* _TASK TO CARRY OUT_: Please repeat exactly, and only, the lines from the one containing "Modern ve güçlü" through the end of the records below, with no pictures.
☆ ☆ ☆ ☆ ☆
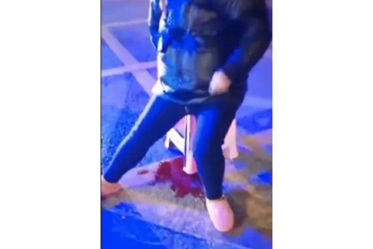 Um vídeo foi registrado por pessoas que estavam próximas a entrada do hospital – e mostra a mulher sentada sob uma poça de sangue na rua. Ela recebeu atendimento médico momentos mais tarde, mas já havia perdido o bebê que estava esperando.
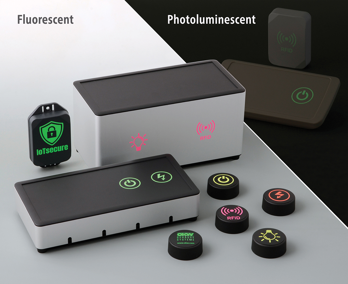 Customers can now specify OKW’s products with labels and graphics produced (by screen or tampo printing) using new fluorescent inks. These are ideal for warning messages or for attracting attention to equipment such as emergency electronics.
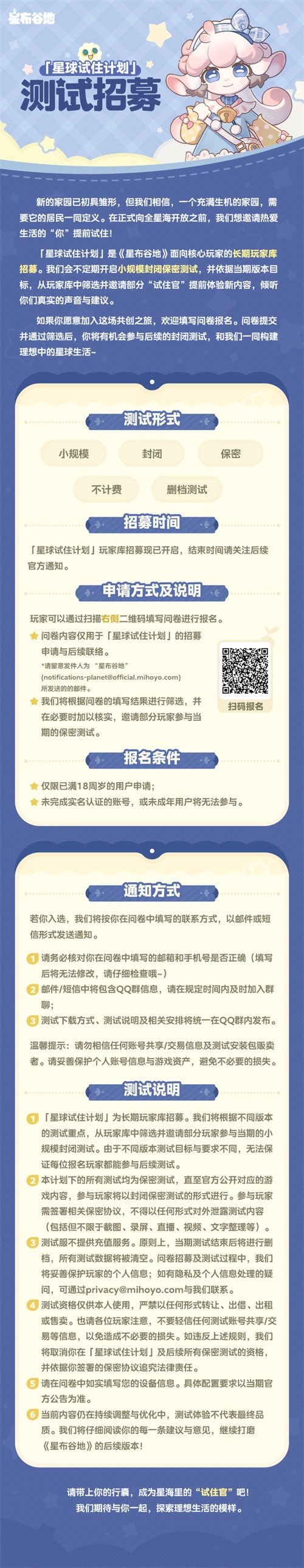 「星球试住计划」是《星布谷地》面向核心玩家的长期玩家库招募。我们会不定期开启小规模封闭保密测试,并依据当期版本目标,从玩家库中筛选并邀请部分“试住官”提前体验新内容,倾听你们真实的声音与建议。
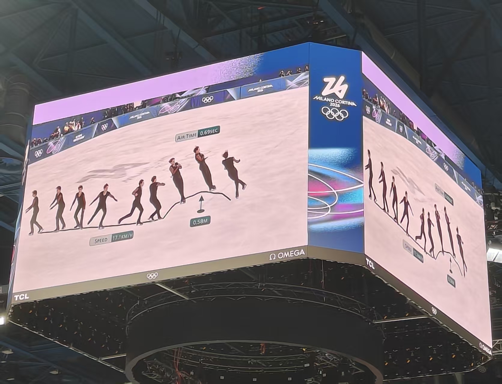 不仅在奥运村,冬奥赛场内,TOP赞助商的身影也频繁出现。赛场不能带进瓶装水,而在场馆内买水,总能看到可口可乐或旗下品牌的产品。记者看到,赛场中的屏幕印着TCL和OMEGA的标识。当屏幕中花样滑冰运动员的动作被慢放,显示切片运动轨迹,用到的则是阿里云的技术,该公司还将AI增强的转播特效技术部署在多个场馆。
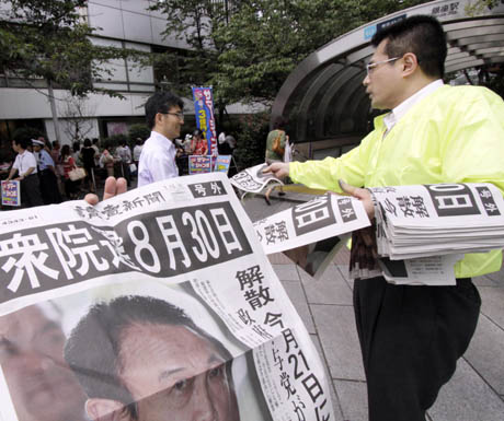 13日,一名日本男子在東京分發(fā)刊登舉行眾議院大選消息的報紙?zhí)乜。?jù)日本媒體報道,日本首相麻生已同意下周解散眾議院,并在8月30日舉行大選。
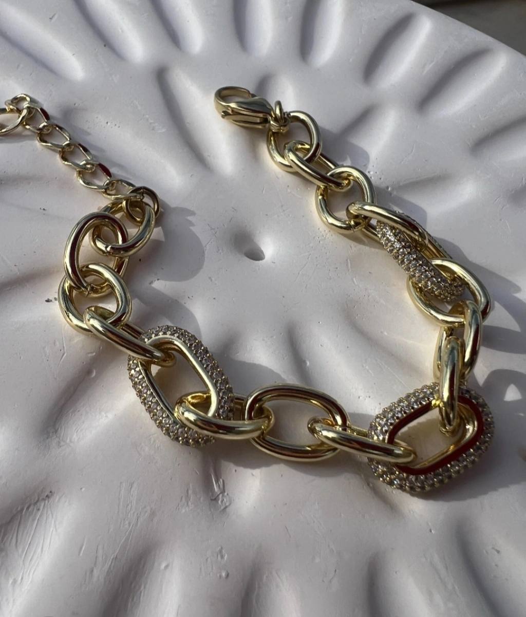 Modern ve güçlü tasarımıyla öne çıkan bu gold renkli bileklik, şıklığı ve iddiayı bir araya getiriyor. Kalın zincir formu ve taş detaylı halka geçişleri sayesinde bileğinizde dikkat çekici ve lüks bir görünüm sunar.
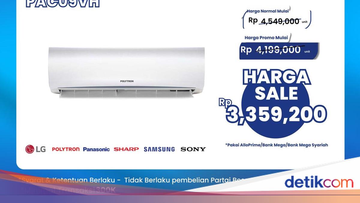Pada seharian penuh, produk AC berbagai merek dibanderol Bersama harga miring. Misalnya produk Polytron AC Split 1 PK PACO9VH ditawarkan Bersama harga promo Rp 4.199.000 Untuk harga awal Rp 4.549.000.
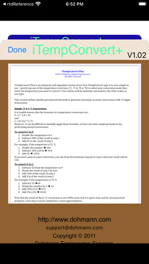 In addition to providing fast, accurate temperature conversions, iTempConvert also includes an Info Page that tells you how to quickly and easily perform mental temperature conversions for those times that your iPhone isn’t handy or when you just want to impress your friends with your mental prowress.
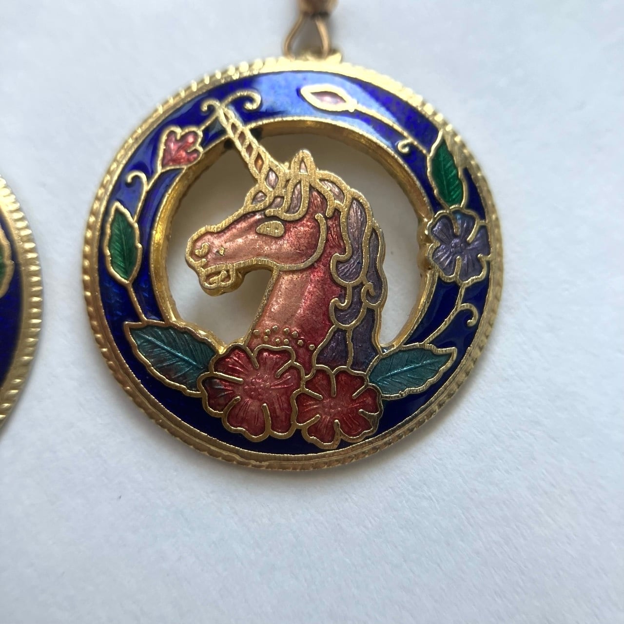 ゴールドメタルの土台に落ち着いた赤ピンク系のユニコーンと、ブルーのベースに植物柄がデザインされたサークル型パーツが揺れる、とても素敵なクロワゾネ(七宝焼)のヴィンテージピアスです。
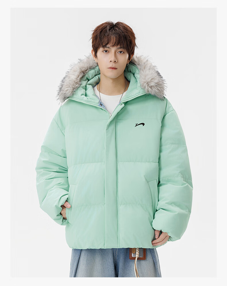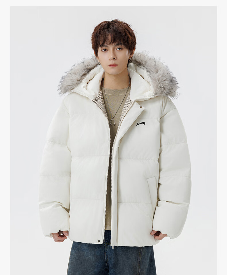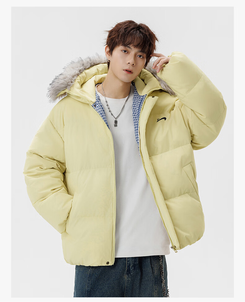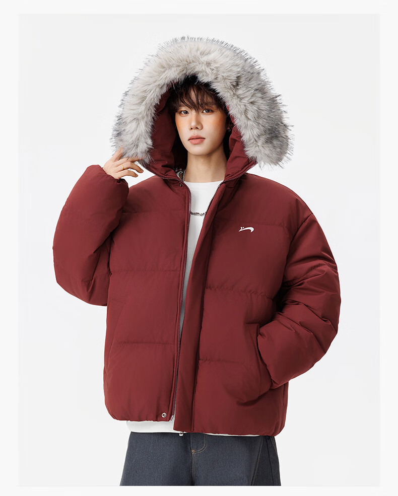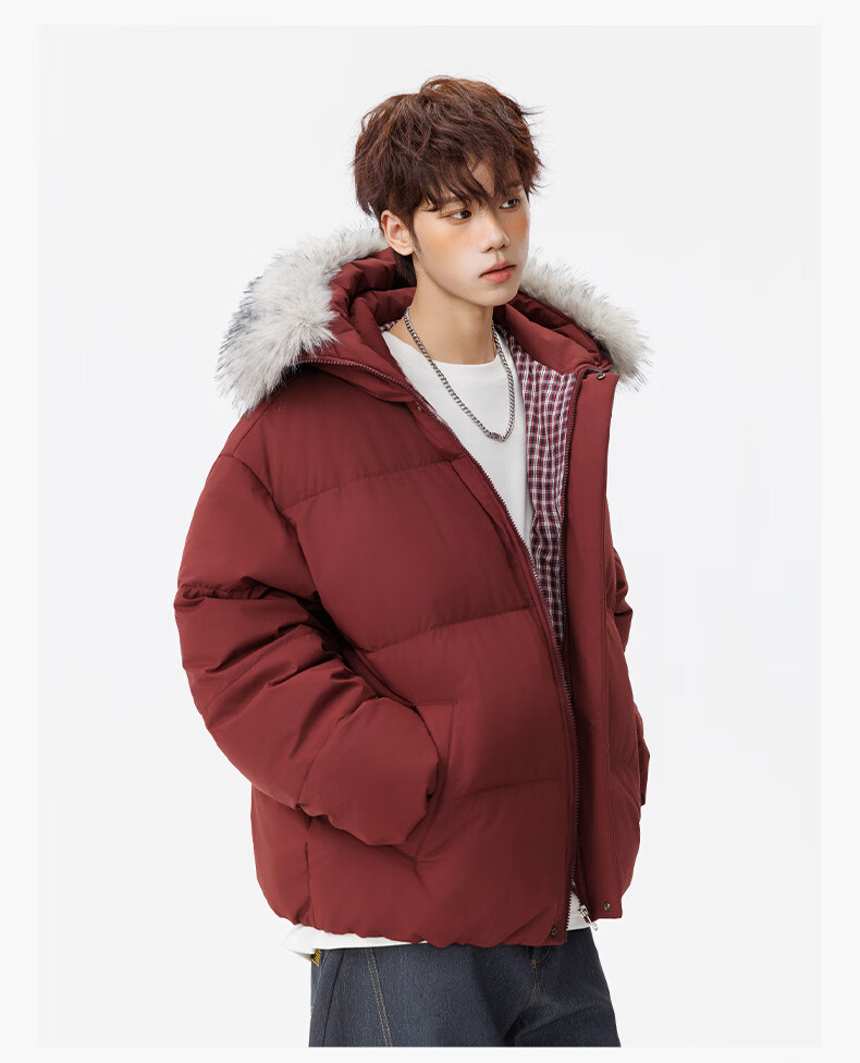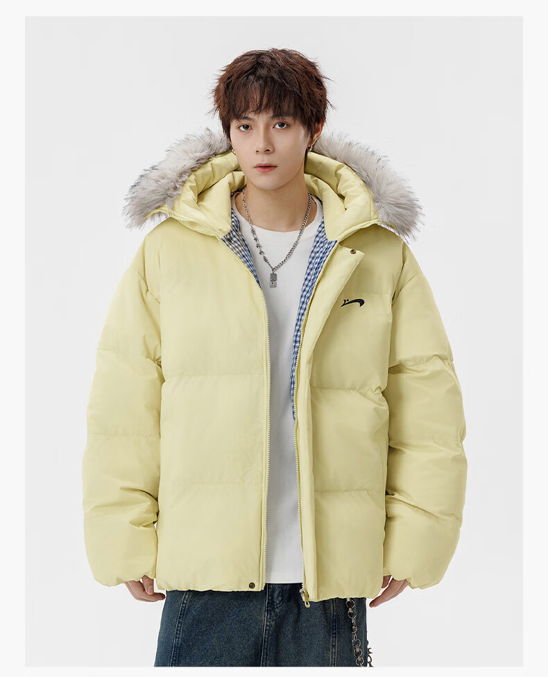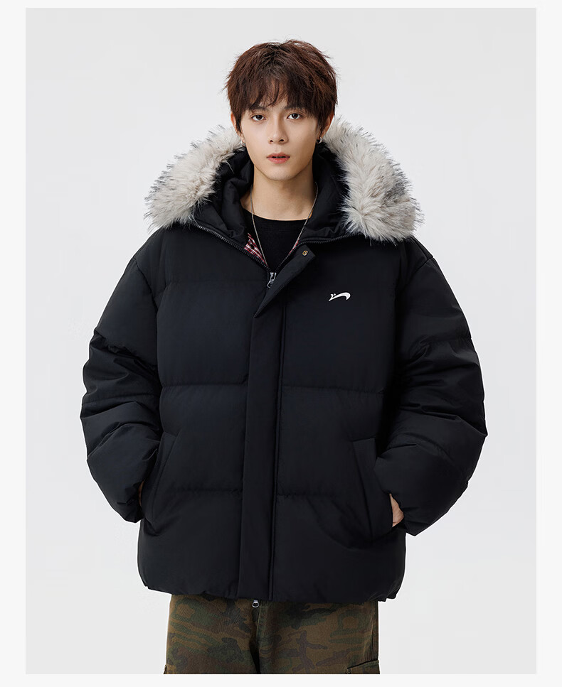 Guirenniao hooded down jacket for men in winter, thickened and warm fur collar parka coat, couple windproof cotton-padded jacket, navy M
☆ ☆ ☆ ☆ ☆
* _YOUR RESPONSE_:
 Modern ve güçlü tasarımıyla öne çıkan bu gold renkli bileklik, şıklığı ve iddiayı bir araya getiriyor. Kalın zincir formu ve taş detaylı halka geçişleri sayesinde bileğinizde dikkat çekici ve lüks bir görünüm sunar.
Pada seharian penuh, produk AC berbagai merek dibanderol Bersama harga miring. Misalnya produk Polytron AC Split 1 PK PACO9VH ditawarkan Bersama harga promo Rp 4.199.000 Untuk harga awal Rp 4.549.000.
 In addition to providing fast, accurate temperature conversions, iTempConvert also includes an Info Page that tells you how to quickly and easily perform mental temperature conversions for those times that your iPhone isn’t handy or when you just want to impress your friends with your mental prowress.
 ゴールドメタルの土台に落ち着いた赤ピンク系のユニコーンと、ブルーのベースに植物柄がデザインされたサークル型パーツが揺れる、とても素敵なクロワゾネ(七宝焼)のヴィンテージピアスです。
 Guirenniao hooded down jacket for men in winter, thickened and warm fur collar parka coat, couple windproof cotton-padded jacket, navy M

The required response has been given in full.